There hasn’t really been a politician like him in Camden since – an avuncular but frank, small-f figure – and Sir Keir Starmer knew how important it was to secure his endorsement when he first showed interest in being his successor.

Mr Dobson had often appeared irritated by the unseemly queue of wannabes who were positioning themselves ahead of his retirement, and almost stayed on to spite them.

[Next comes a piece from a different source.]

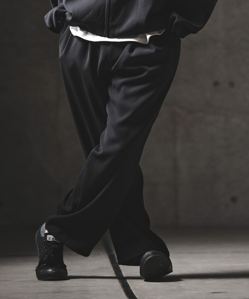 175cm B90-W73-H89 靴26.5cmのモデルがMサイズを着用。 しなやかな風合いのポリエステルクロス素材を使用した、ワイドストレートパンツ。 同素材の羽織りアイテムとのセットアップにも対応し、洗練された統一感のあるスタイリングが可能な一枚です。 【デザイン・ディテール】 ヒップ周りのボリュームをナチュラルに整えるフロントの2タックデザイン。 ウエストの帯裏にはレオパード柄のテキスタイルを貼り合わせ、見えない部分にもさりげない遊び心を。 ボタン&ファスナーのフロント開閉に加え、平ゴム&スピンドルを配したイージー仕様で、快適な着用感を実現しています。 【ファブリック】 ポリエステルクロスにポリウレタンを混紡したストレッチ素材を使用。 しなやかな風合いと伸縮性を備えた素材。 【シルエット】 ワタリやヒップ周りにしっかりとボリュームを持たせ、裾に向かって真っすぐ落としたワイドストレートシルエット。 素材の落ち感と相まって、立体的でありながらすっきりとした印象に仕上げています。 【セットアップ対応アイテム】 検索品番:mj11355 ※着用画像と商品単体画像で色が異なる場合がございます。 ※商品単体画像を実物により近づけております。

This was even funnier, given he held traditional Labour views – a critic of profiteering from public services – while those who wanted his seat were often more of a Blairite persuasion.

Sue Vincent’s letter

Dobbo, as he was known, had no love for the New Labour prime minister once he had been shafted in an ill-advised push from his treasured job as health secretary to a candidate for Mayor of London. He would no doubt have been a good leader of the city, but the politics of Ken Livingstone’s removal and run as an independent put paid to that.

And yet who can really say what Mr Dobson would have thought about where we are, whether his views on Sir Keir may have changed, or if he’d ever really have been attracted by the Green offer?

It is not too hard to see why somebody with Ms Vincent’s politics would have been changed by a government slow to scrap the two-child benefit cap, prepared to remove the winter fuel allowance, quick to bring in US companies to the NHS, vague on Gaza and, to stop the list short, content to end the right to a jury trial for some defendants.

But Mr Dobson is not here to give a view, and so it’s a spiky move to put words in his mouth.

Perhaps what’s most interesting is that six years after his death, the best endorsement anybody can have remains Mr Dobson.

It is a credit to his career as a popular politician – that’s a real rarity when you think about it – but it sums up how nobody impressive has followed since.

Maybe if more followed his example of knowing their area and listening to residents more than social media, they’d find it easier to win votes.